Today’s youth have a 50% chance of living to age 104. What does that mean for the economy?

Maryam Banikarim, Head of Marketing, Nextdoor; Jo Ann Jenkins, Chief Executive Officer, AARP; Michelle Seitz, Chairman and CEO, Russell Investments; Jill Timm, Chief Financial Officer, Kohl's; and Nicole Goodkind, Writer, FORTUNE.
Maryam Banikarim, Head of Marketing, Nextdoor; Jo Ann Jenkins, Chief Executive Officer, AARP; Michelle Seitz, Chairman and CEO, Russell Investments; Jill Timm, Chief Financial Officer, Kohl's; and Nicole Goodkind, Writer, FORTUNE.
STUART ISETT—FORTUNE

Lengthening the average lifespan seems like an aspirational outcome for the world: Survival is, after all, a natural human desire.

But going from a country where the average life expectancy sits at about 77.3 years to one where half live to 104 will take an enormous structural shift in America’s way of life, from the healthcare system to the corporate world.

That’s according to AARP CEO Michelle Seitz who spoke at Fortune’s Most Powerful Women Summit on Wednesday. Citing research from her nonprofit that advocates on behalf of those 50 and over, Seize notes that 10-year-olds today have a 50% chance of living to 104 assuming they take good care of themselves.

As people live longer however, they may marry later, have children later (singer Janet Jackson famously gave birth to a son at 50-years-old), and go through many more careers than those of generations past. Already, life expectancy has been rising steadily around the world in past centuries due to increased access to nutrition and healthcare.

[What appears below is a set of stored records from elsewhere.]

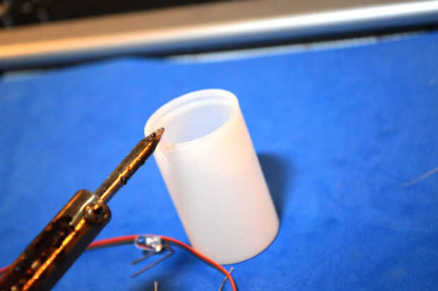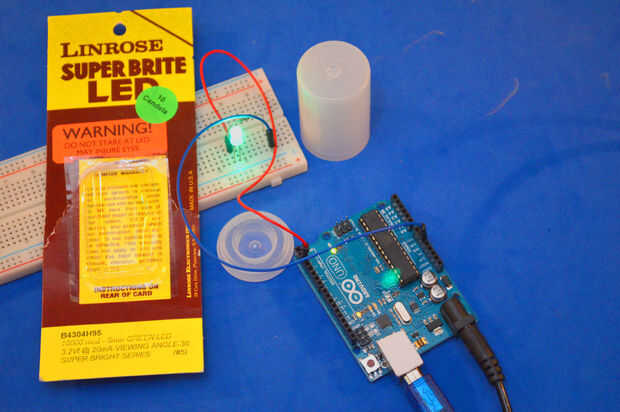 Cuando el control de volumen esté hacia arriba o hacia abajo de un LED indicador se utiliza para mostrar sonido nivel se cambia. Puede un alto rendimiento que LED está montado en una película de plástico. Enciende cuando el motor paso a paso es cambiar de dirección. Este es uno de los ejemplos más simples de código de arduino. Se utiliza una resistencia de 220 ohm para limitar la corriente de exceso. El LED se pega a la base de la lata de película. Se corta una muesca en la can para permitir que los cables conectar al espacio de proyecto de controlador de motor. La película puede entonces se pega a la placa de montaje. El cable del ánodo del diodo se suelda al escudo del motor en la clavija del D2. El resistor y el lado del cátodo se sueldan con el conector de tierra.
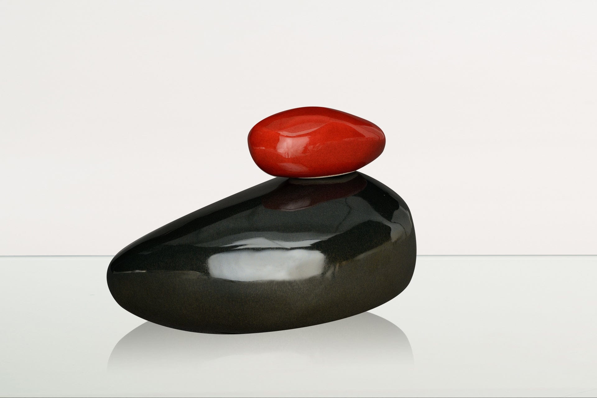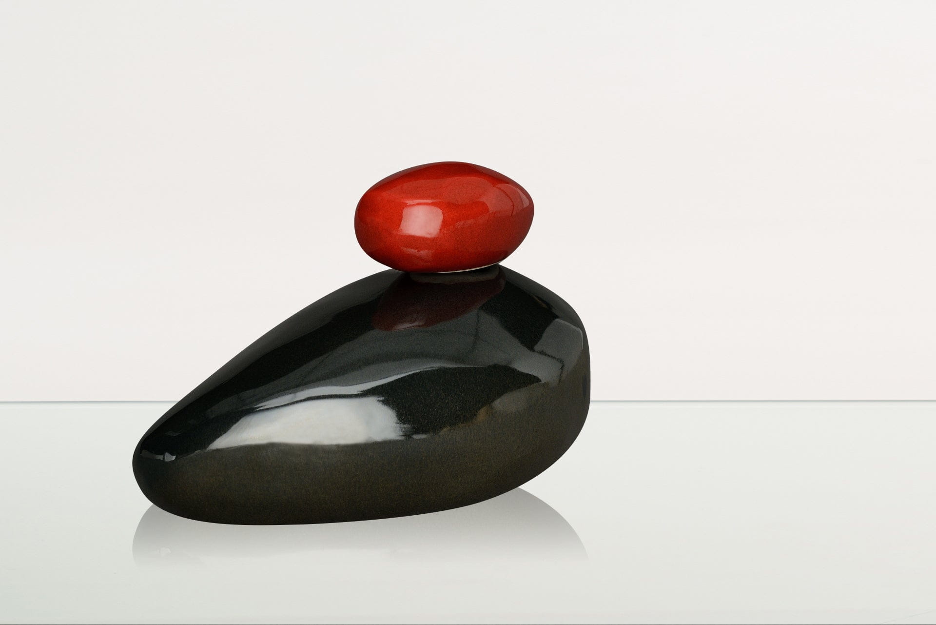 Urna cineraria artigianale per ceneri "Pietra" - Urna grande | Nero lucido | Ceramica
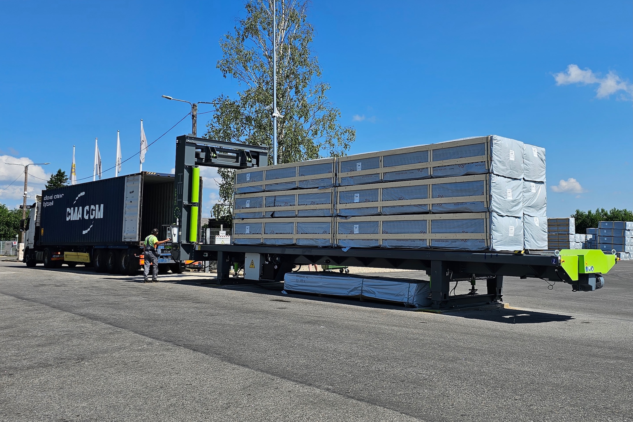 Built for reliability and efficiency, the system easily handles loads of up to 30,000 kg. Its sliding plate mechanism loads and unloads 20-foot, 40-foot, and 45-foot containers, as well as standard truck trailers – all with just one operator.
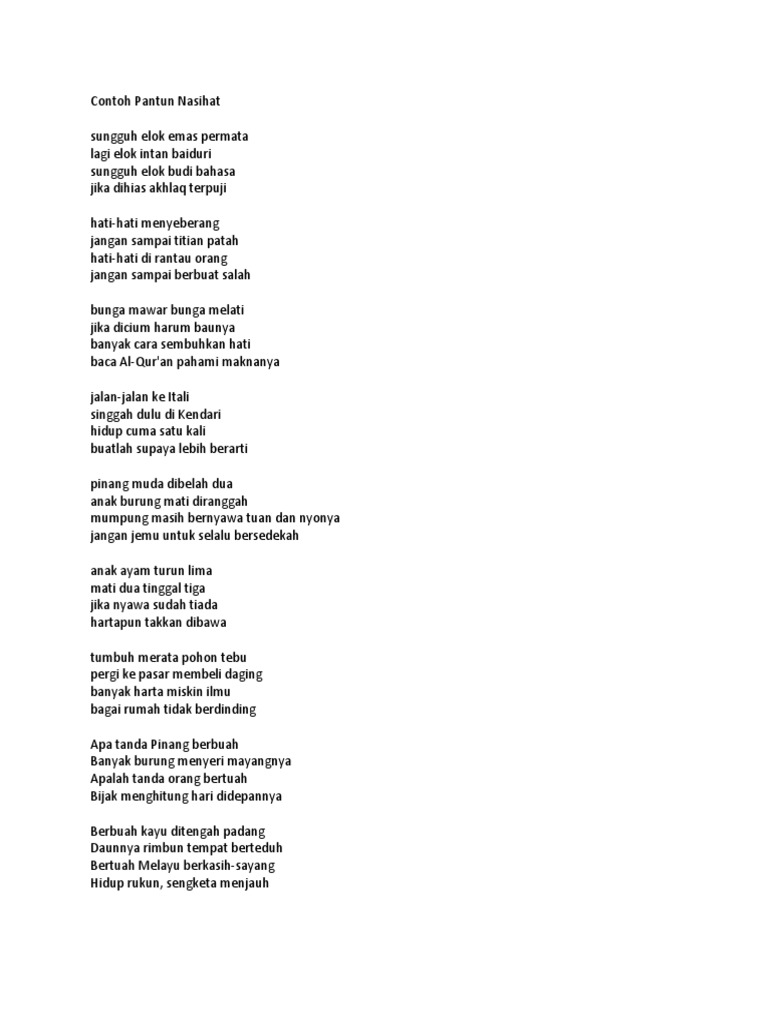4 baris dari pantun terdiri dari 2 baris sampiran dan 2 baris isi seperti pantun anak muda. Karena ungkapan perasaan dan pikiran tersebut disusun dengan kata kata yg sedemikian rupa sehingga menarik untk didengar atau dibaca. Pantu orangtua pantun adalah sebuah jenis puisi lama dalam bahasa nusantara. Perlu bakat dan kemampuan yang diasah. Contoh pantun nasehat pantun merupakan salah satu bentuk puisi lama yang berasal dari kata tuntun dari bahasa jawa yang artinya menyusun menuntun atau mengatur.
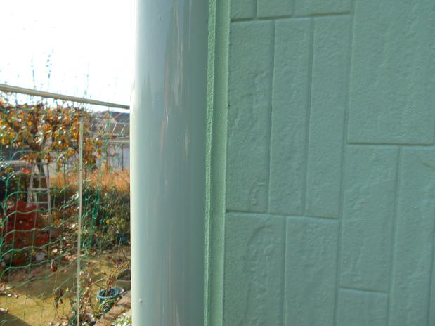 右側の窯業系サイディング部分は屋根と共に「ガイナ」で塗装、左の塩ビの樋はガイナの色に合わせウレタンで再塗装しました。
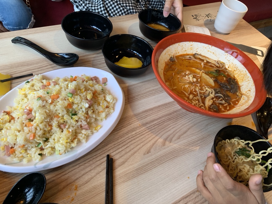 다양한 식재료를 담아 끓여주는 마라탕은.... 라면사리 선택으로 비싼 라면이 되어버렸네요. 맛도 향신료가 들어간 라면?! 딱히 맛있다고 이야기할 정도는 아니지만.... 한 번 정도 먹어볼 음식이네요. 볶은밥은 무난히 먹을만했습니다.
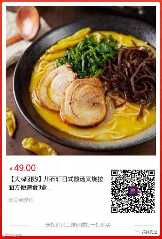 【大牌团购】川石轩日式酸汤叉烧拉面方便速食3盒 原价:79元 SVIP福利补贴价:49元
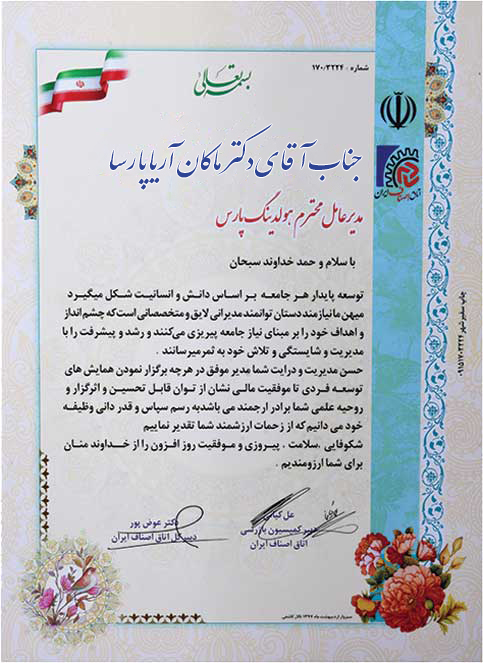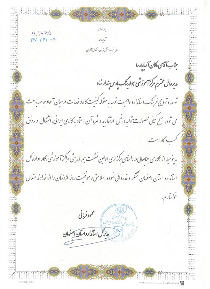تقدیرنامه از طرف مهندس محمود فرمانی، مدیر کل استاندارد استان اصفهان

“If you’re living to 104, how would you change your life course? Would you get married at 22, find a job, and plan for retirement at 65? No one is doing that anymore,” says Seitz. “Our parent’s generation and my generation would go to work and stay at a place for 25 to 30 years. Nowadays, people are having three to four totally different careers and they probably aren’t going to need college education in all of those. So we are going to have to reevaluate how we educate our families and how we think about sabbaticals.”

Retirement

The original Social Security Act of 1935 set a norm for retiring at around 65. But as the human lifespan has continued to grow, that norm now seems outdated—exacerbating existing concerns about the country’s retirement gap: The amount an individual needs to save up to retire at a certain age, and the amount they actually have.

“We often talk about the retirement gap. It’s a cliff. It’s a total double diamond cliff,” says Russell Investment Chief Financial Officer Jill Timm. “Most people have no hope of being able to maintain even 80% of their existing lifestyle in the current fashion.”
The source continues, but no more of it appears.